On the basis of this literature, we recently proposed a neuroanatomical model accounting for the vulnerability to suicidal behavior at the neurocognitive level.4 In this model, we suggested that the ventral prefrontal cortex including the orbitofrontal cortex (OFC) would be mainly implicated in valuation deficits, explaining decision-making impairments in SAs,9 while more dorsal parts of the prefrontal cortex (including anterior cingulate cortex, ACC) may explain deficits in cognitive control and emotion regulation processes.10 In the present study, we aimed at confirming the involvement of these prefrontal brain regions, and their potential as biomarkers, by examining their morphometric properties using structural neuroimaging in a large sample. Certainly, the ease of implementing structural neuroimaging compared with functional neuroimaging is potentially a great advantage and highly relevant for future clinical application.

However, previous results using this technique suffer from various limitations. First, many studies assessed samples of small size, as few as seven to ten SAs.11, 12 Only one large study, in psychotic disorders, has been published to date.13 Recent papers have highlighted a frequent lack of replication of findings in neuroscience, partly in relation to underpowered studies.14 Second, of the six published studies evaluating whole-brain gray matter alterations, six different types of statistical thresholds have been used.15, 16, 17, 18, 19, 20 However, recent discussions about the lack of reliability of the P-value suggest that calculating effect sizes may be a more relevant approach.21 Third, these studies have focused on one particular standard analysis method, usually measuring brain volume differences using voxel-based morphometry (VBM), but have seldom applied concurrent surface-based morphometry (SBM) analyses. Only two studies explored cortical thickness to date.13, 22 To our knowledge, only one group has combined two analysis methods in two different publications.15, 22 Yet, recent analyses have suggested that different SBM measures account for VBM gray matter variation in different regions but also that VBM may be more sensitive than SBM to detect some abnormalities.23 The combination of both analyses could therefore improve our understanding of structural neuroimaging markers of disease.

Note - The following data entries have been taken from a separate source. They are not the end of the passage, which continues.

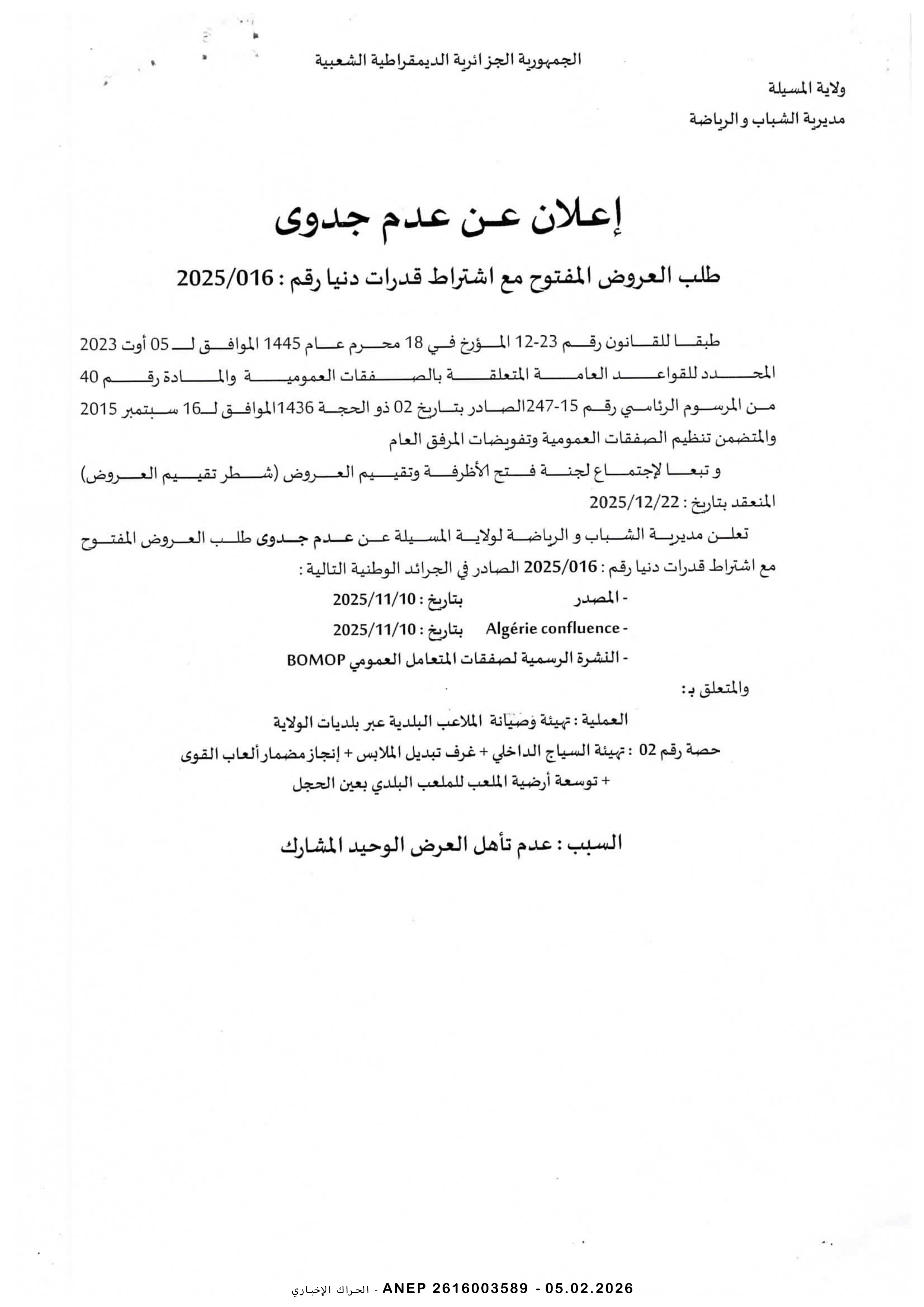 إعلان عن إلغاء مناقصة وطنية محدودة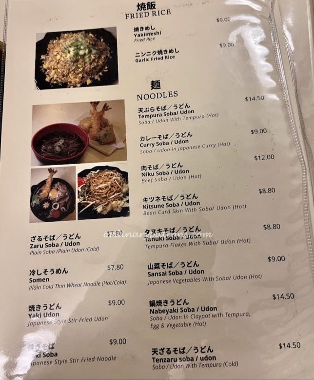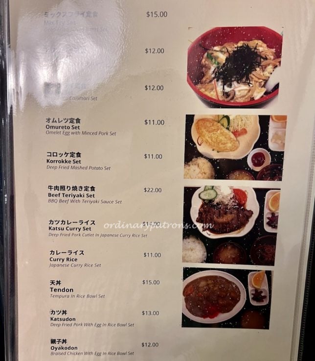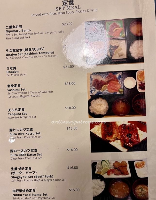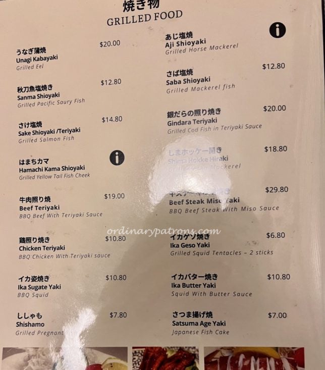 The Izakaya Nijumaru restaurant menu is an extensive one. There are the usual Japanese staples like tempura, grilled items and sushi. We were there for lunch just before last order so we decided to simply go for some set meal selections and some side dishes. Here are pictures of some sample pages from the menu.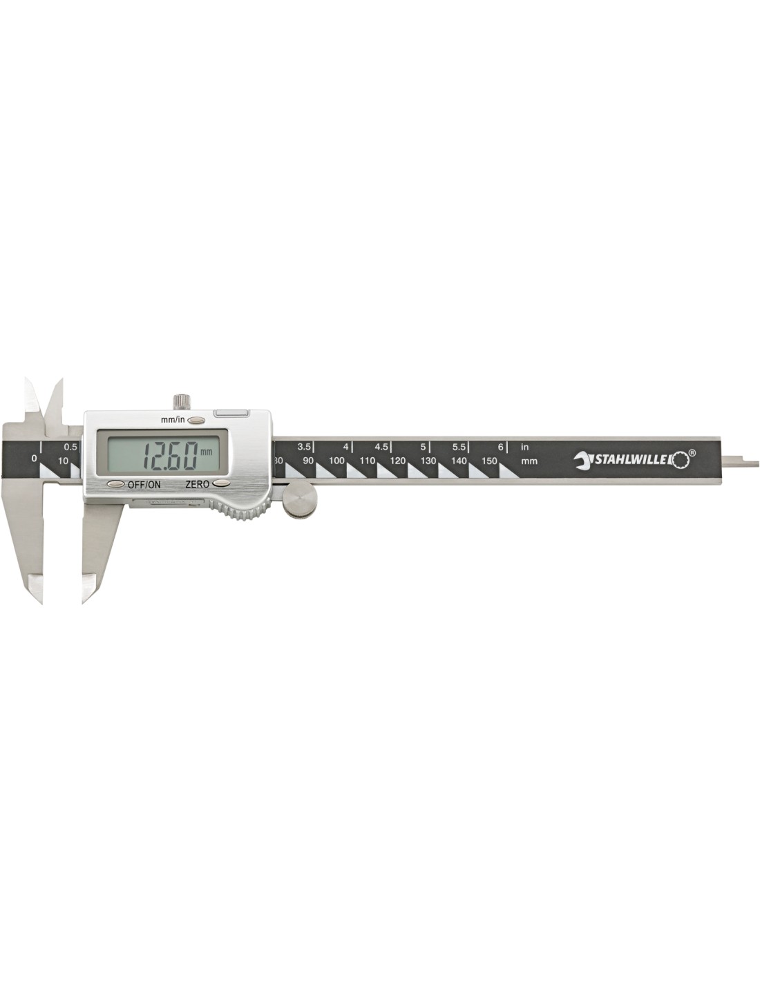 • con cubierta de la carcasa metálica y botones metálicos • con salida de datos (mini USB) • mecánica en versión inoxidable, templada • con y sin rodillo para el pulgar (incluido en el suministro, para el automontaje) • gran visualizador LCD de lectura clara, altura de cifra 9 mm • precisión de indicación 0,01 mm/ 0,0005" • las mordazas de medida están finamente rectificadas y lapeadas • botón de encendido/apagado • con medida de la profundidad • unidad de medida en mm o pulgadas, posición cero en cualquier posición • incluye 2 pilas de 3 V (tipo CR2032) • en caja de material sintético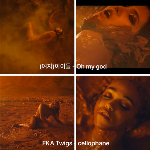 cellophane에서는 추락한 FKA Twigs의 몸에 진흙을 바르는 '타인들'이 있다는 게 그나마 다른 설정이지만, 이건 솔직히 아무리 생각해도 동일한 이미지가 맞다고 생각함.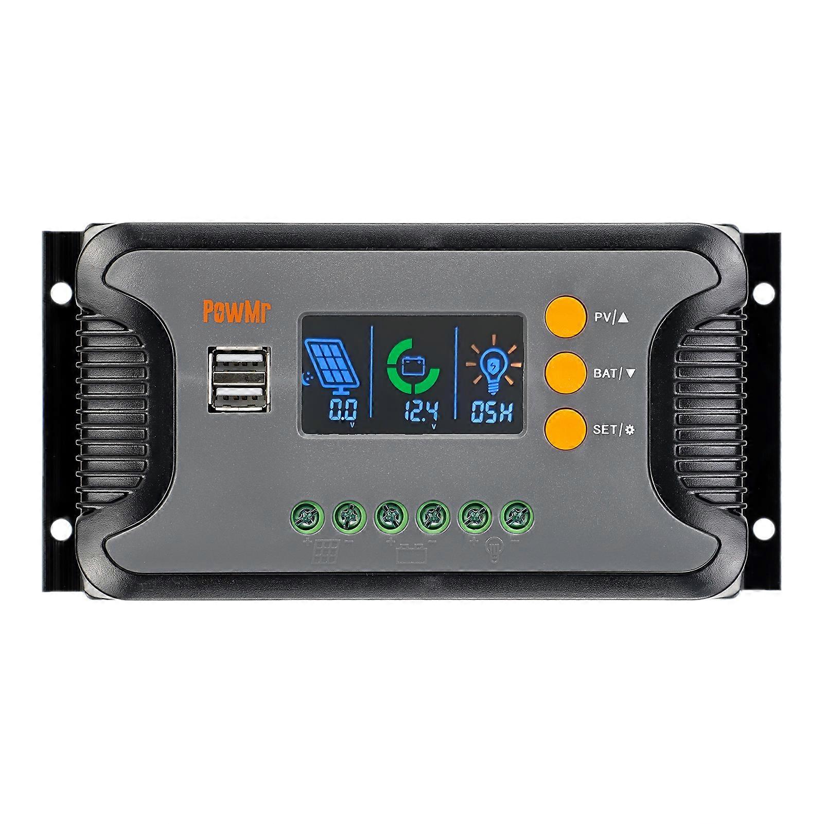 30A PWM Solar Charge Controller 12V-48V Lithium Battery Charging with Bulk Boost Float Modes LCD Display Dual 5V USB Output Auto Detection

We addressed several of these issues in the present study. First, we pooled data from three separate studies conducted in two locations with identical study designs to increase power. This has resulted in the largest neuroimaging study conducted on vulnerability to suicidal behavior in mood disorders to date. Second, we calculated effect sizes for the main contrasts, namely SAs vs PCs, and SAs vs HCs. Third, we used two complementary analysis approaches in parallel, namely VBM and SBM. Finally, we used a validated study group design to specifically examine the vulnerability to suicidal behavior by including non-depressed patients to exclude the acute effects of the depressive state, and a group of patients with a history of mood disorder but no suicide attempt to exclude the effect of comorbid disorders.

On the basis of previous studies, we hypothesized that SAs when compared with control groups would show a reduction in structural measures of prefrontal cortex. To test the potential clinical applicability of these measures, we additionally conducted sensitivity and specificity calculations.

Materials and methods

Samples and assessment

Three samples were recruited, one at the Institute of Psychiatry in London, UK (Sample 1), and two at the academic hospital of Montpellier, France (Samples 2 and 3). For all the three samples, participants were recruited through advertisement with an initial screening via telephone interview, or in clinical settings. They were then interviewed in person by experienced psychiatrists. All participants were right-handed24 and euthymic at the time of scanning with a HDRS (Hamilton Depression Rating Scale) score below nine.25 Exclusion criteria were a lifetime history of severe head trauma, central nervous system disorders, schizophrenia and substance use disorder over the last 12 months, suicide attempt using firearms, pregnancy and contraindications to magnetic resonance imaging (MRI). Details on exclusions from each sample are given in Supplementary Information.

The three samples differed in two selection criteria: (1) Samples 1 and 2 comprised only males aged between 18 and 60, whereas Sample 3 comprised only non-menopausal females aged between 18 and 50; (2) All patients in Sample 1 suffered from major depressive disorder, whereas Samples 2 and 3 included both major depressive disorder and bipolar disorders.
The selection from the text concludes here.